Selain itu beliau mengatakan, putusan MK ini juga akan berdampak pada peraturan untuk mengusung presiden di dalam pemilihan 2029 mendatang. Walaupun, pertanyaan selanjutnya apakah partai nonparlemen akan dapat mengusung calon presiden.
Mengacu terhadap putusan MK, Nasrullah melihat, ada kata-kata rakyat yang tersebut juga terabaikan lantaran partai yang digunakan didukung bukan masuk ke parlemen.
“Melalui putusan 60 kemarin, nampaknya kita mengawasi akan ada perkembangan wacana ke arah sana untuk menyamakan pengaturan presidential threshold, pertanyaan hukum yang dimaksud akan muncul apakah memungkinkan partai nonparlemen ke depannya dapat mencalonkan calon presiden atau seperti apa,” tutupnya.
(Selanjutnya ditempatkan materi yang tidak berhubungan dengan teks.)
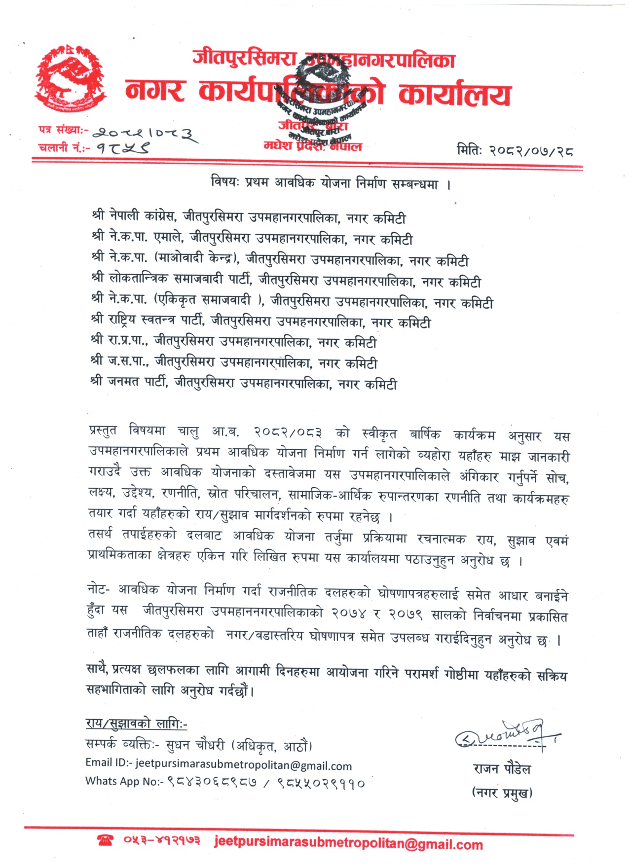 info@jeetpursimaramun.gov.np, jeetpursimarasubmetropolitan@gmail.com

Sebelumnya, MK sependapat aturan yang digunakan digugat Partai Buruh serta Partai Gelora membatasi pemenuhan hak konstitusional dari partai kebijakan pemerintah partisipan pemilihan umum yang tersebut telah dilakukan memperoleh ucapan sah pada pemilihan umum meskipun tiada miliki kursi di dalam DPRD. Akibatnya, menurunkan nilai pemilihan kepala tempat yang demokratis sebagaimana amanat Pasal 18 Ayat (4) UUD NRI Tahun 1945.
“Sebab, pernyataan sah hasil pilpres menjadi hilang lantaran tidak ada dapat digunakan oleh partai kebijakan pemerintah untuk menyalurkan aspirasinya memperjuangkan hak-haknya melalui akan calon kepala tempat yang tersebut akan diusungnya,” kata Hakim MK.
MK mengumumkan bahwa Pasal 18 Ayat (4) UUD NRI Tahun 1945 menghendaki pemilihan kepala wilayah yang digunakan demokratis. Salah satunya dengan membuka kesempatan untuk semua partai kebijakan pemerintah partisipan pemilihan umum yang tersebut miliki ucapan sah di pilpres untuk mengajukan akan calon kepala tempat agar penduduk dapat memperoleh ketersediaan beragam akan segera calon.